Doug Cutting helped create Apache Hadoop nearly a decade ago while working at Yahoo, where he helped the project become an open source juggernaut and the figurehead of the big data movement. In 2009, Cutting joined Cloudera as chief architect and continues to evangelize Hadoop, help lead the Apache project, and make the technology consumable by mainstream enterprises.

Before Hadoop, Cutting worked primarily in web search, developing the open source Lucene search engine, as well as a Hadoop precursor called Nutch.

In this interview, which has been edited for clarity, Cutting shares his opinion on the continuing evolution of Hadoop, the rise of Apache Spark, and the challenges facing open source projects and the companies that want to monetize them.

SCALE: When people say “Hadoop” today, what does that mean? I think it means a lot more than it probably did a few years ago.

DOUG CUTTING: Definitely. It started out meaning this one project, but pretty rapidly, as other projects started up that depended on Hadoop, people started referring to the whole collection as Hadoop.

It has come to mean this movement of folks onto a platform based around open source. In the long term it might evolve completely away from Hadoop as a technology, but we’ll still refer to the ecosystem as “Hadoop.” I think it’s more the data-processing style that Hadoop established that people now refer to.

You work at Cloudera, which now markets the idea of a “data hub” or platform rather than a distribution of Hadoop. Does this have something to do with this evolution of the technology?

Calling something a distribution of Hadoop was always a problematic phrase. With all these different interests at play, Apache has tried to, and ought to, maintain its trademark.

And Cloudera needs to develop its own product identity. So at some point we actually switched to CDH and removed all association of the word Hadoop with CDH. Most people think of it as meaning Cloudera’s Distribution of Hadoop, but it doesn’t say that anywhere.

Cloudera would like to move people toward thinking about our Enterprise Data Hub as the technology we’re selling. But it’s hard to say whether that’s what the world will end up doing. Language is a complicated social phenomenon. The legal and business interests are only one factor at play.

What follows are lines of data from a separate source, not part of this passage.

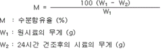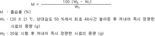 4. (20 ± 2) ℃, 50 % 상대습도에서 48시간 보존하고 다시 (20 ± 2) ℃, 80 % 상대습도에서 48시간 동안 보존하는 시험을 반복하여 20일간 시험하는 경우 아래의 수식으로 계산한 흡습율이 중탄산나트륨이 주성분인 것은 0.2 wt %, 중탄산칼륨이 주성분인 것은 2 wt %, 인산염류 등이 주성분인 것은 1.5 wt % 이하이어야 하며, 시험 후 시료는 유동성이 있고 고화되지 아니하여야 한다.
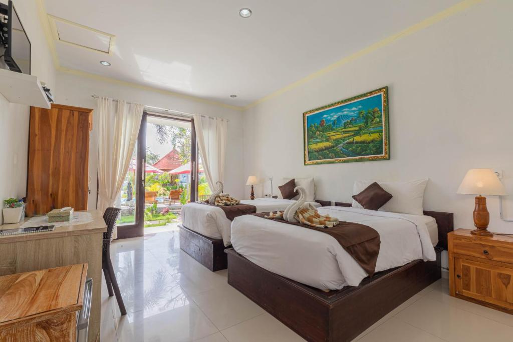 The grounds are lovely and all the rooms separate into into own little joglo. They’re nice. With mosquito nets around the bed. A kettle and a fridge. They provide water and towels for the pool. The staff are very friendly and accommodating. We had a slight problem with our room. The shower once turned on would not turn off. However the staff were quick to come and fix the problem.
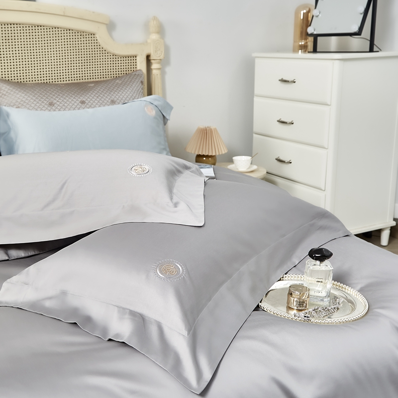 总榻尚家居 2023新款格瑞斯系列100贡缎长绒棉四件套工艺款四件套,格瑞斯紫,格瑞斯白,格瑞斯灰,格瑞斯蓝
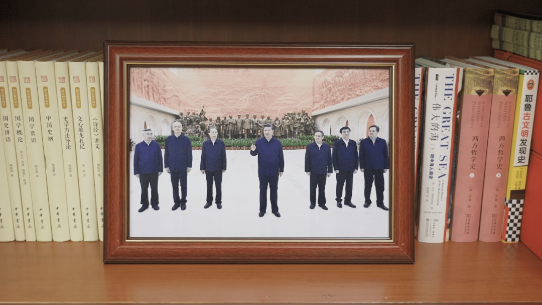 “江山就是人民,人民就是江山?!比嗣袢罕姷拿恳患?,就是習(xí)近平總書記心頭牽掛的事。書架上增加了三張總書記2022年在國內(nèi)多地考察的照片,記錄著總書記繁忙奔走的身影。
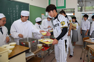 仮設校舎に到着するや、選手たちはユニフォームに着替え5クラスに分かれて教室へ。ちょうどお昼どきで、生徒の皆さんと給食時間を過ごすことに

The Hadoop ecosystem, as presented in Cloudera’s software. Credit: Cloudera

Regardless, it’s handy to have a name for whatever this thing is and whatever it becomes. I think there is something real here — worthy of a name, of an identity — in that folks really are switching to using a suite of open source tools. And that suite of tools is changing over time in response to user needs. It’s not only technically different in that we’ve got distributed computation running on commodity hardware, but also politically different in that the center of control is no longer just a couple of vendors.

The center of control is whatever users find most useful. We see things like Kafka and Spark come to the fore, really outside of any central control because users have found them fabulously useful. Now they’re core elements of this stack. I think we’re going to see more of that.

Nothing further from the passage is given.